Victoria and Dawn’s room is small but full of light, two beds on opposite walls with identical desks, tossed Hollister hoodies and teddy bears, a life-size poster of Ed Sheeran, his freckled face covered in lipstick kisses the girls have added, and lots of photos – two years’ worth of selfies: the girls in various places and poses. I’m not just taking Victoria home, I’m removing her from one too.
‘If I can miss classes, why can’t Dawn?’ She’s still sulking about this, still trying to push me into giving in. ‘I bet Dad wouldn’t mind.’
‘Well, I would. There’s something I need to talk to you about, something’s happened.’
She pulls a sports bag from under her bead and begins to pack. ‘Are you and Dad splitting up?’
I feel like I’ve been slapped, and I wonder if she’s intuited something that I’ve missed. ‘Of course we’re not! Why would you say something like that?’
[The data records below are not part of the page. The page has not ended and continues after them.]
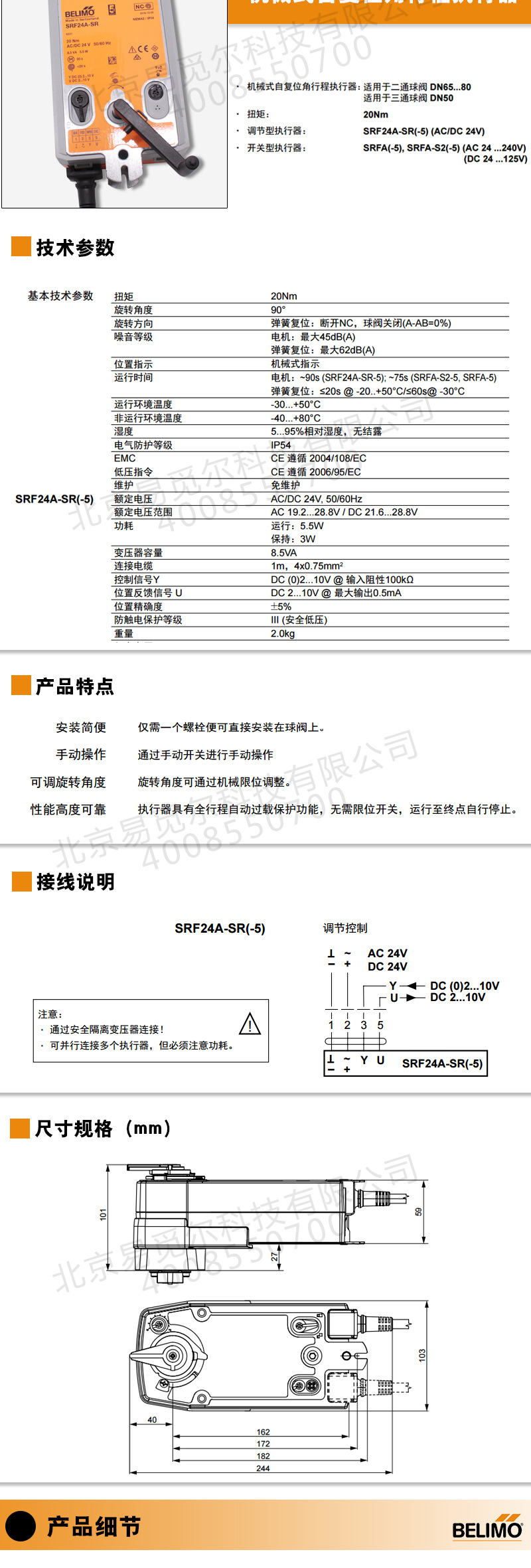 SRF24A-SR系列机械式自复位角行程执行器:扭矩: 20Nm ·
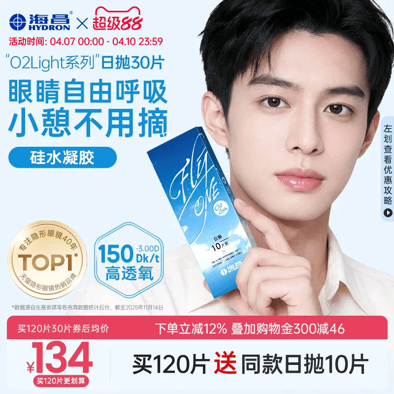 【限时买赠】海昌O2Light硅水凝胶日抛30片隐形近视眼镜透氧进口
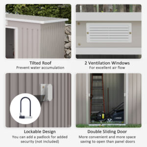 - Air vents to keep bike storage metal shed inside fresh and aerated
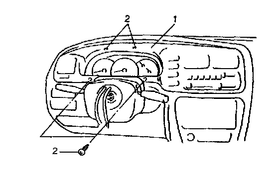 4. Remove meter cluster hood (1) by removing its mounting screws (2).
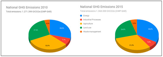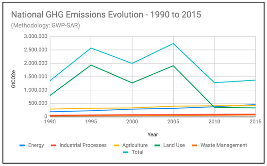 The Brazilian government, through the Ministry of Communications, Technology, Innovation, and Science (MCTIC) has been inventorying national GHG emissions since 1991. The 3rd National Inventory, published in 2016, with data up to 2010, indicates that the economic sectors responsible for the majority of the national emissions are “Agriculture”, with 33% and “Energy”, with 29%—e.g., Brazil is world’s biggest ethanol producer [39]—followed closely by “Land Use and Forests”, with 27% of the total emissions. “Industrial Processes” and “Waste Treatment” respectively account for 7% and 4% of the national emissions (Figure 1). The estimated total emissions for 2010, calculated by the IPCC 2006 methodology (GWP-SAR), was 1,364,197 GtCO2e [40].
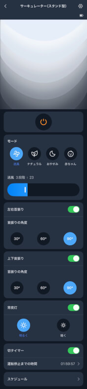 ホーム画面では首振りや常夜灯ON/OFFなど、各種操作が行えます。
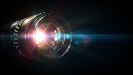 Camera lens with a radiant light flare against a dark background, symbolizing creativity and photography concepts.
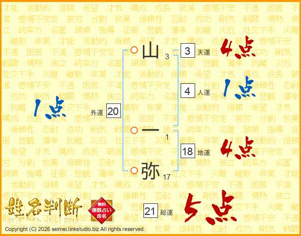 山一弥さんの総運は21画の5点!
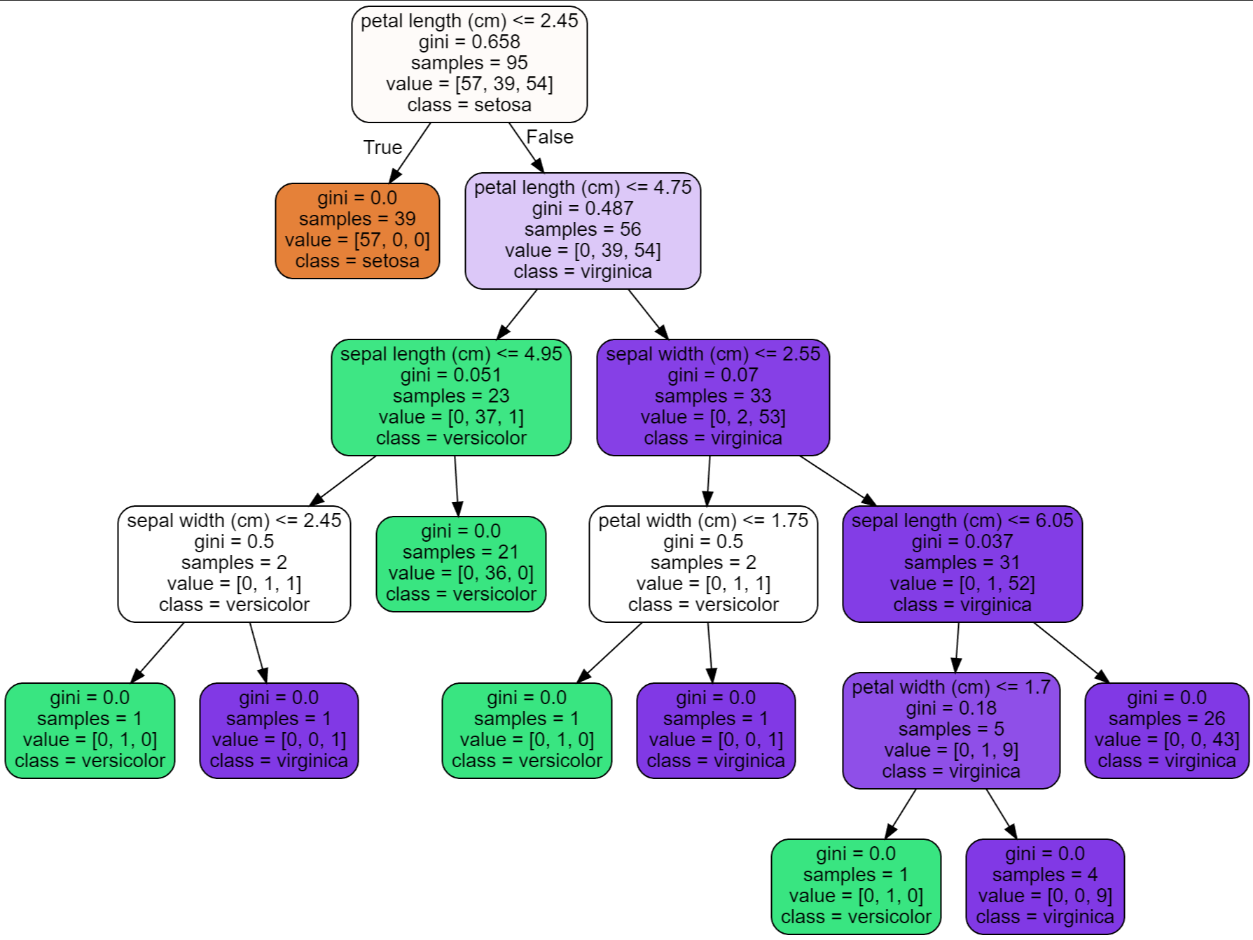 위 [그림 3]은 iris data를 Random Forest로 구분한 것이다. iris data는 총 4개의 feature가 있다.
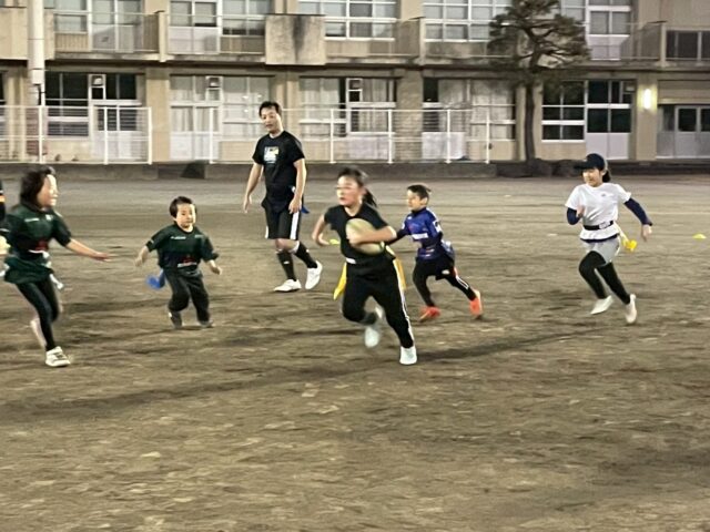 今回は、動きを組み合わせたパス練習や、プレー中の声かけをテーマに取り組み、その後はタグフットボールの試合へ。

She pushes a few more items into the bag. ‘It was what I thought of when my half-term trip home got cancelled. And now you’re here, taking me out of school – you never collect me.’
I busy myself with trying to help, folding up some pyjamas bottoms from her bed. ‘They’re Dawn’s,’ she says, snatching them from me just as the door flies open and Dawn comes rushing in, dark hair springing from her head and her eyes already moist with tears.